AZTEC’s core transaction is a confidential UTXO — just like Bitcoin.

An Alice-and-Bob explainer as follows:

Suppose Alice has a cluster of notes summing to 100zkDAI, and wants to send 75 zkDAI to Bob— we’ll handle this much like change in a shop.

Alice takes notes of size 60 zkDAI and 40 zkDAI (these are now called input notes — she needs both, because neither can cover the 75 zkDAI she’s wiring to Bob), and she will create two output notes — 75 zkDAI for you, 25 zkDAI for me.

Note this is exactly how Bitcoin works — but AZTEC transactions need to be confidential. And Ethereum needs to validate them — i.e. check that 60 + 40 = 75 + 25.

But just how do you check this on encrypted numbers?

# Elliptic Curve Numbers

AZTEC maps each integer onto an alien number system that rules the roost in blockchain technology today— an ‘elliptic curve over a finite field’.

Elliptic curves preserve addition —what does that mean? Well, it lets Ethereum check that the encrypted \$100 you started with (before your transaction) is equal to the sum of the following:

1. The encrypted \$75 you’ve sent
2. The encrypted \$25 you’ve kept

— and Ethereum can verify this without knowing what numbers are buried inside.

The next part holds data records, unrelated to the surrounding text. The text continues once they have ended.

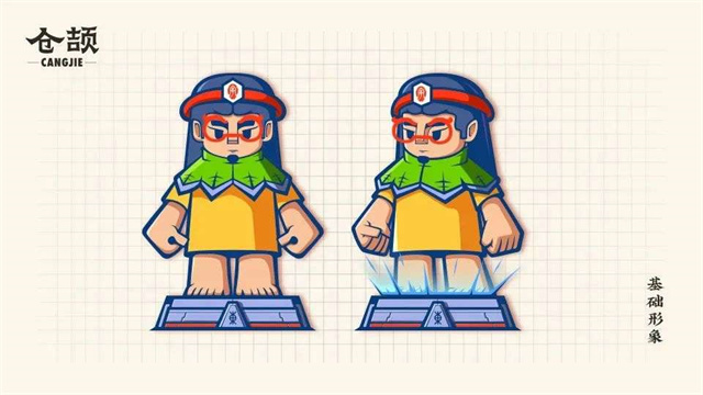 IP形象是以傳說中創(chuàng)造漢字的倉頡為創(chuàng)意原型,通過對其造型的系列化結(jié)構(gòu)設(shè)計與涂裝,體現(xiàn)漢字書體與對應(yīng)工具材料呈現(xiàn)載體的發(fā)展變化歷程,以及與之同時期的服飾與裝飾藝術(shù)特征。包括小倉頡主形象和穿越于不同漢字發(fā)展時代九個不同的形象設(shè)計,表現(xiàn)十種代表性書體與其相應(yīng)的工具材料載體,體現(xiàn)了漢字發(fā)展與科技進步的緊密關(guān)系。
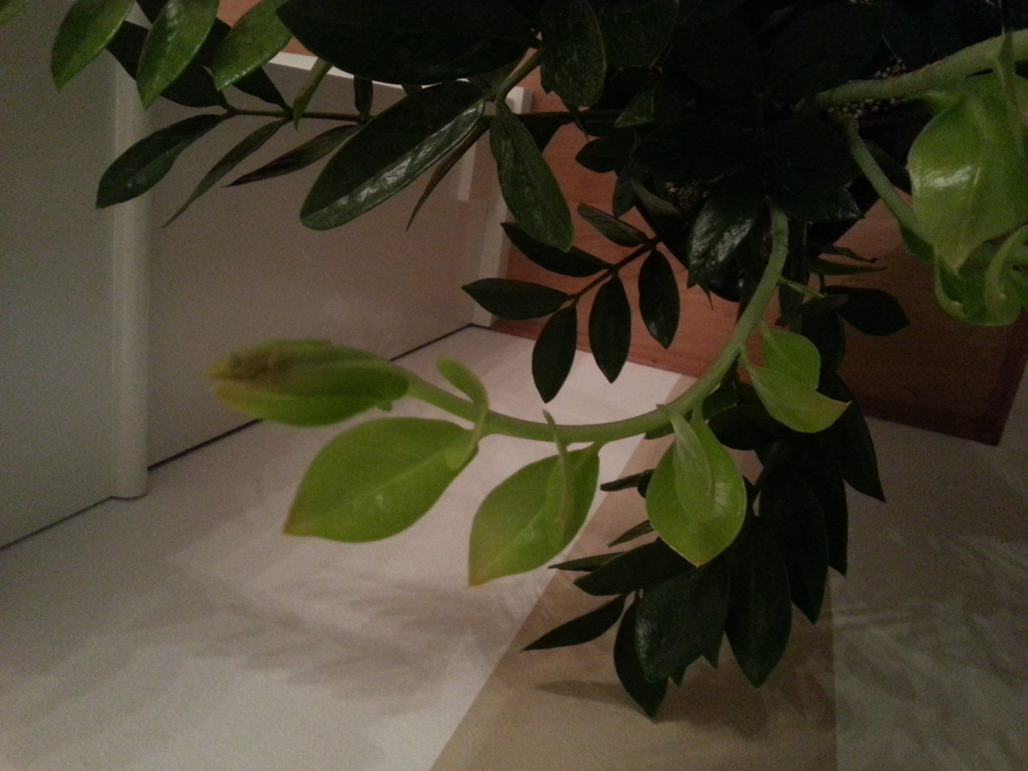 Hm, so einen ganz leicht gelblichen Touch haben die neuen Blätter meiner Zamioculcas auch. Das könnte daran liegen, dass die ganz neuen Blätter noch nicht so viel Chlorophyll haben bzw. noch nicht so dunkelgrün sind und darum gelblich erscheinen. Möglich ist es auch, dass das ein Mechanismus ist, um die neuen Triebe vor zu viel Sonne zu schützen.
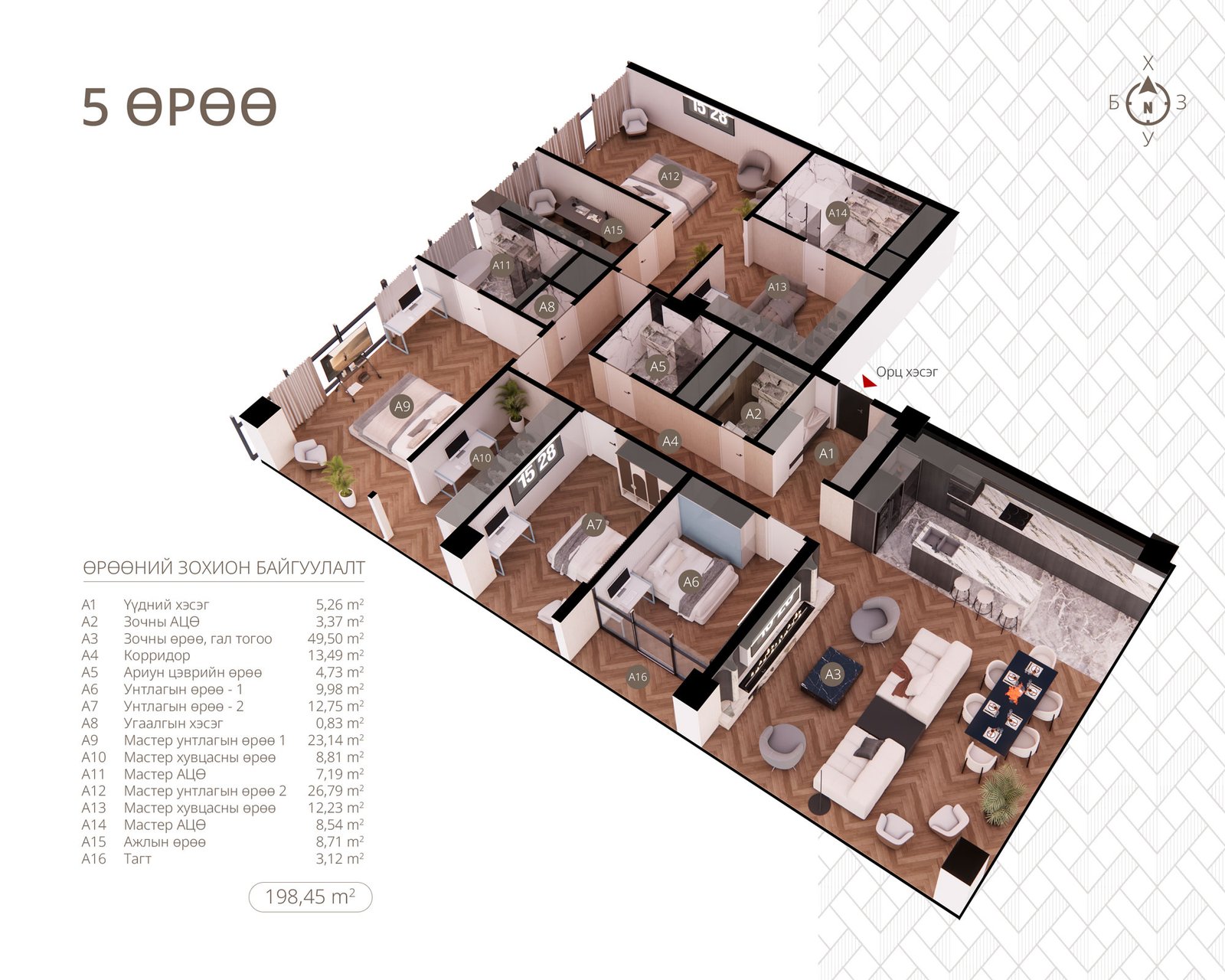Б13 Мастер хувцасны өрөө 12,50 m2
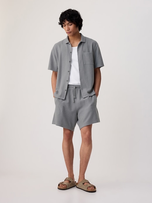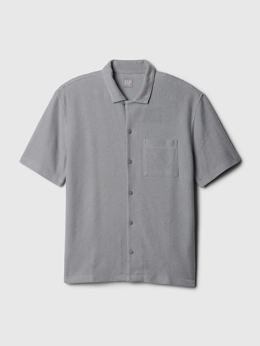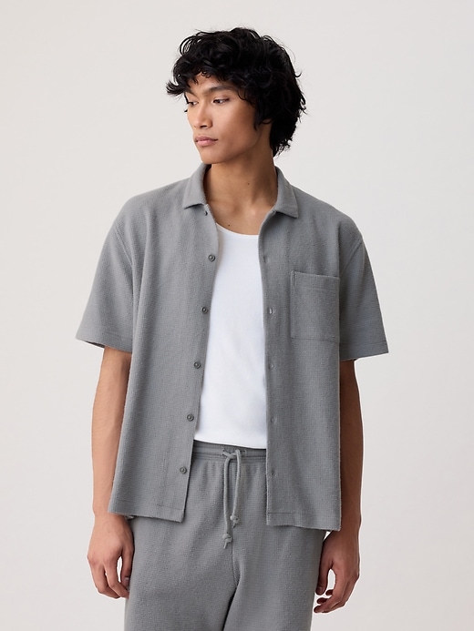 - Soft cotton-modal blend, waffle-knit shirt.
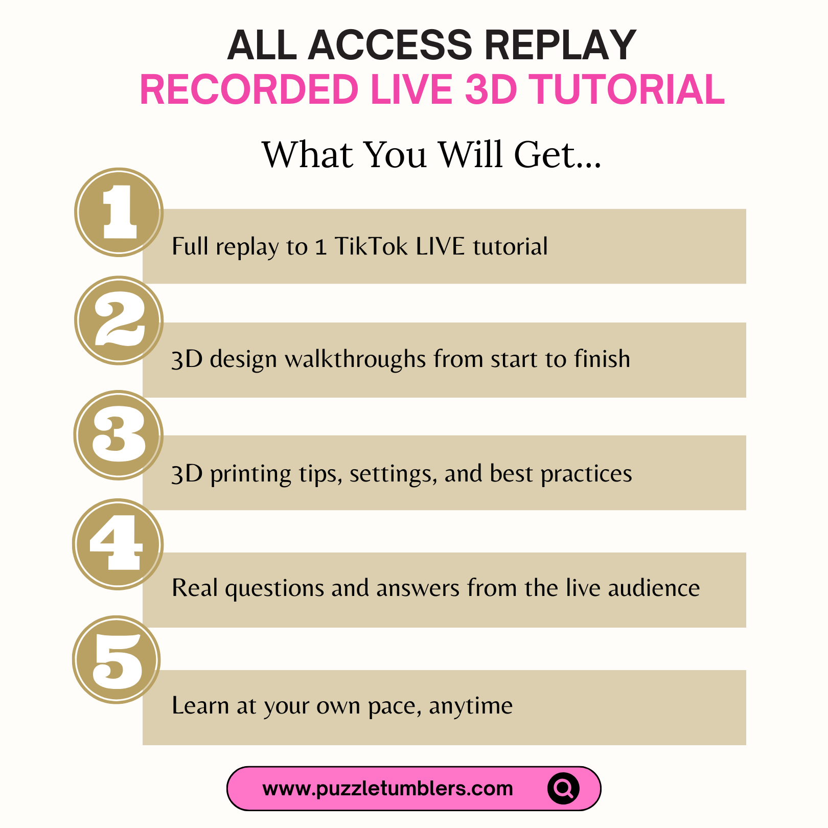 🎥 Recorded Live 3D Printing Tutorials (Replay Access ONLY) 🖨️
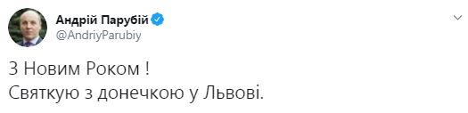 Так, бывший спикер Верховной Рады Андрей Парубий праздновал Новый год во Львове с дочкой. Об этом он рассказал в Twitter и выложил совместное фото с Яриной.
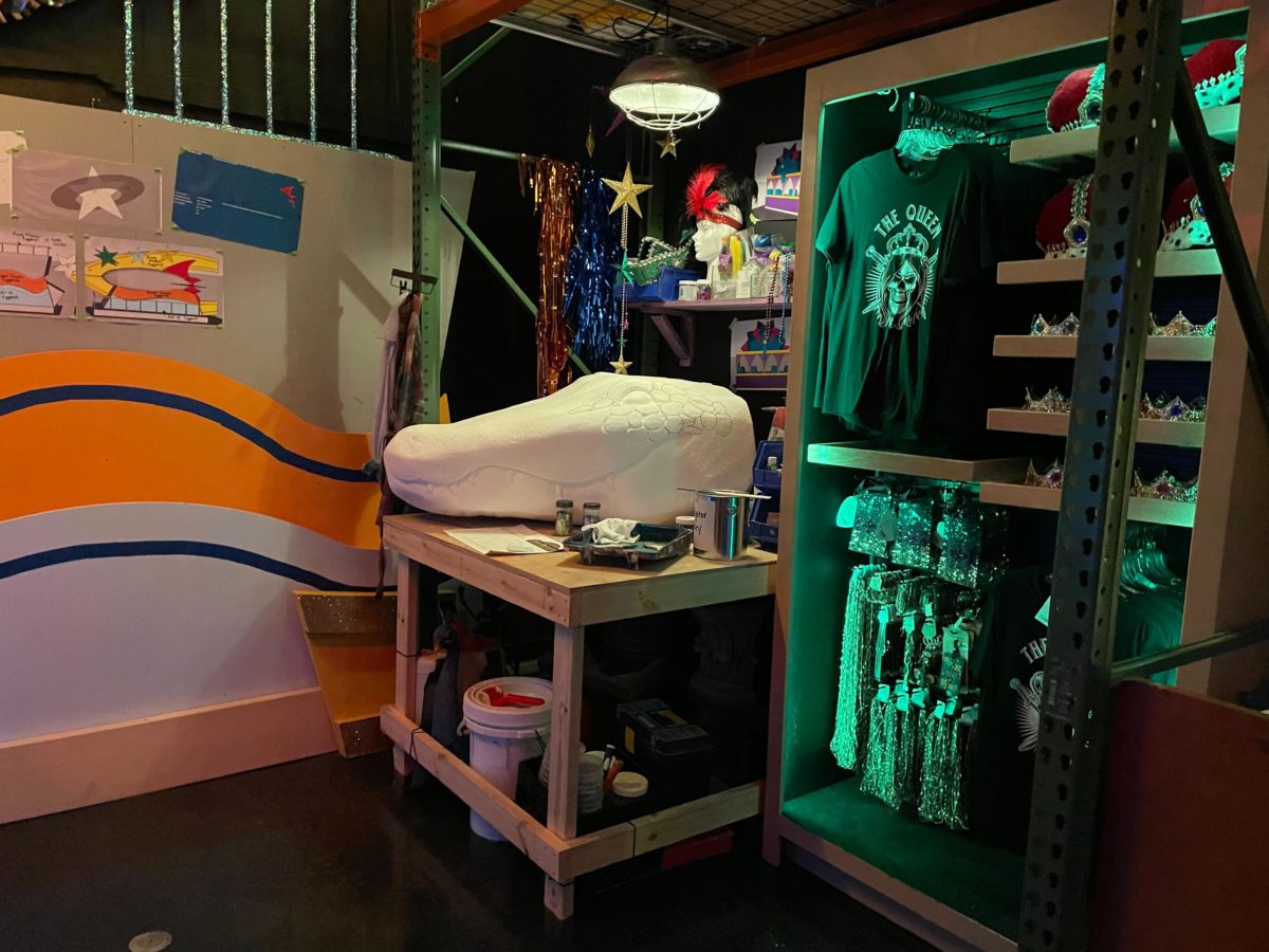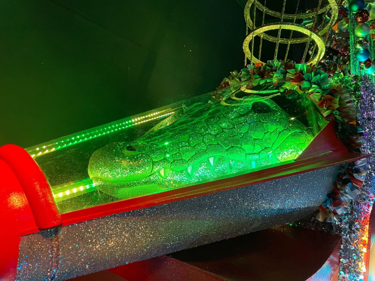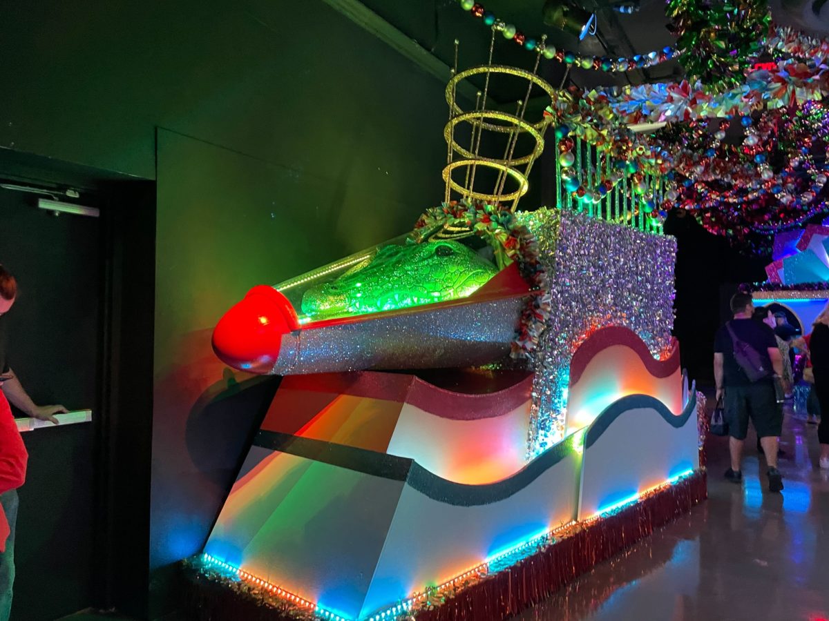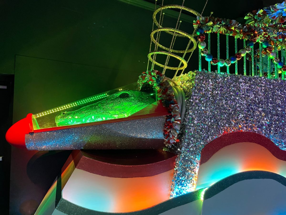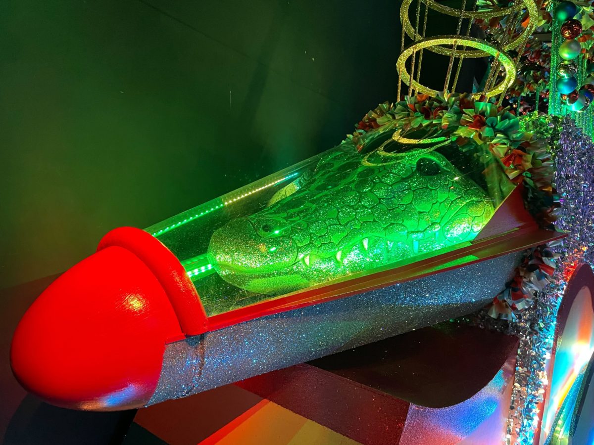 The main attraction of the Tribute Store is the completed space gator float.

# The Snag with Encrypted Numbers

These number systems are a bit odd — they work like an enormous clock —when you get to a huge number (of the order 2²⁵⁶) — you actually go straight back to 0 again.

And that’s a problem.

Why? Because if, each transaction, Ethereum only checks that the notes spent are equal to the notes created, then you can easily attack it. After all, -1 (being the number just before 0) is equal to an enormous positive number (again, of the order 2²⁵⁶) — we’ll call this number BigNum.

So you can produce output notes of size \$101 and \$(BigNum-1) — and those, in this strange new world, sum to \$100.

So what’s the solution?

A Range Proof

Here’s the solution — force every user of the system to prove that their output notes are quite small compared with 2²⁵⁶. If you can, they can’t make their notes big enough to wrap around, and that will satisfy Ethereum that no one’s cheated.

# AZTEC’s Range Proof

The AZTEC Range proof puts a premium on efficiency.

We provide a Codex of points signed via so-called Boneh-Boyen signatures. This Codex consists of the signed numbers 1, 2, … Max.

We then stipulate that, for a transaction to be approved by the AZTEC Cryptography Engine (ACE), the user must prove they formed the output notes from the Codex — otherwise the proof fails.

# Building the Codex

This is the purpose of the trusted setup. In two phases it builds up the Codex of points:

1. The Relay — building a large number of points with mathematical relationships to one another (called monomial points), by passing around a transcript. Each participant needs to roll their own random number into the transcript (which cannot then be extracted from the new transcript). They must then destroy that number
2. Post Processing — constructing the Codex from the building blocks created in the relay phase

It is Phase 1 that is critical to the Ceremony’s security. However, it would require every single participant behaves dishonestly. If just one participant follows the rules, the setup is secure.